My final weekend at Loyola House.
Returning to Berkley today after a couple weeks away in Chicago, Omena and Clarkston, I received an unwelcome surprise: a summons for jury duty. Don't get my wrong - I regard jury duty as a high civic obligation, and under other circumstances I'd be happy to receive the notice. In this case, however, the Oakland County Jury Clerk asked me to report for duty on the last day of August - at which point I'll be a few days into my first semester of philosophy studies at Fordham. A call to the county courthouse revealed that I would be relieved of my obligation so long as I could provide documentary evidence of my imminent move to New York. Though I had little difficulty gathering the necessary documents, the task took up most of an afternoon that I had hoped would be devoted to packing for next week's move. As a result, I anticipate a busy night of packing and an even busier day tomorrow as my Bronx-bound companions and I begin the task of loading the U-Haul truck that will take our meager temporal goods to New York. Your prayers for this endeavor are earnestly appreciated.
Omena was fun. The Traverse City Film Festival is in its second year, and though many of the films I wanted to see were sold out I made it to three showings - I saw A Clockwork Orange and Dr. Strangelove, both offered as part of a Stanley Kubrick retrospective, as well as the acclaimed and controversial Palestinian drama Paradise Now. This past Sunday I and a couple other Jesuits attended Mass at the Carmelite Monastery of the Infant Jesus of Prague in Traverse City, which seems a bit stricter than the two or three other Discalced Carmelite communities I've encountered in the past. Though I expected the cloistered nuns at the monastery to remain in their private oratory during the Mass, I also presumed they'd be visible through the grille at some point during the liturgy - during communion, for example. This was not to be the case; in Traverse City, the Carmelites are heard but apparently never seen. The nuns sang throughout the Mass, but they did so from within an oratory with a window small enough that they could see out but no one else could see in.
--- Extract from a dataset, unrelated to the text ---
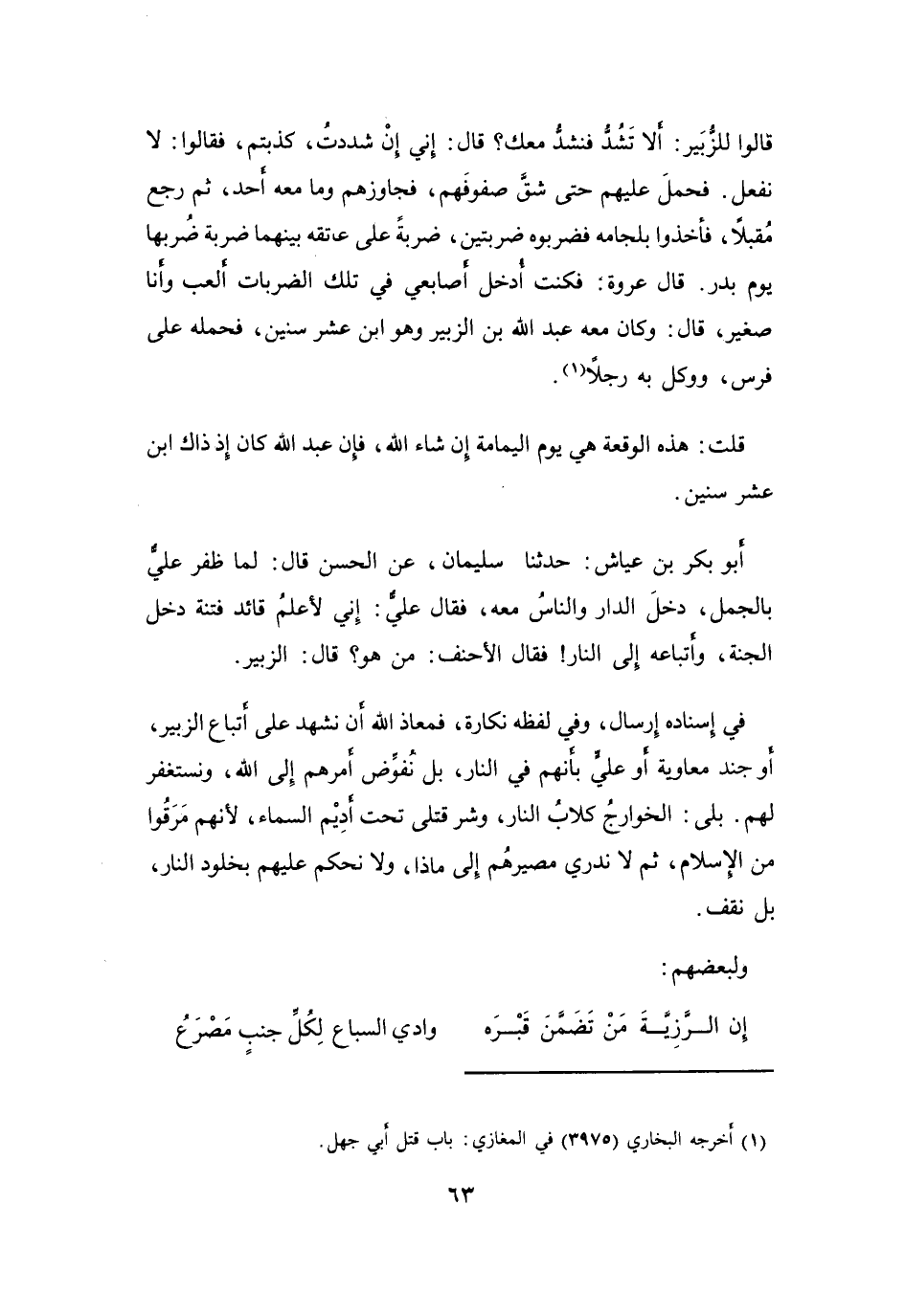 قَالُوا لِلزُّبَيْرِ: أَلاَ تَشُدُّ فَنَشُدُّ مَعَكَ؟

This presented an interesting contrast with my experiences at Santa Clara - where I was able to enjoy a friendly chat with a couple of the sisters in the sacristy after Mass - and in Cusco, where I briefly glimpsed a Carmelite in full habit opening and closing the monastery door. For what it's worth, I'm glad I had a chance to see something of the Carmelite presence in Northern Michigan, even if I didn't actually see any Carmelites.
(Addendum, 10/24/06: I've noticed that a lot of visitors have come to this page through Google searches for Mass times at the Carmelite Monastery in Traverse City. Therefore, as a public service I'm posting those times, with the caution that I am not responsible for any changes in schedule that may have been adopted since my visit. As of August 2006, the Carmelite Monastery in Traverse City had Mass on Sundays at 7.30 am and weekdays at 6.50 am. To be on the safe side, readers thinking of going to Mass with the Carmelites should call the monastery at (231) 946-4960 to confirm these times.)
My retreat at Colombiere was pretty low-key. The focus of the three days was to prepare spiritually for the experience of making first vows this coming Sunday. I suppose I'm as ready as I'm going to be to take vows, though I don't know exactly how I'll feel until I'm actually kneeling on the floor of Gesu Church reading the vow formula that I carefully wrote out by hand last night. As the hours before the ceremony become fewer, I feel a sense of increasing excitement regarding the commitment I'm about to make and the challenges that lie ahead. At the same time, I also feel a bit apprehensive about all the tasks I need to complete over the next few days. Professing perpetual vows of chastity, poverty and obedience is, to put it simply, a big deal. In ways banal and concrete, preparing to move from Detroit to New York is also a big deal, as is the prospect of being a full-time student again after two years out of school. My prayer for the next few days is that God will give me and my brother novices the strength to do all that we must do. More than ever, your prayerful support is needed and appreciated. AMDG.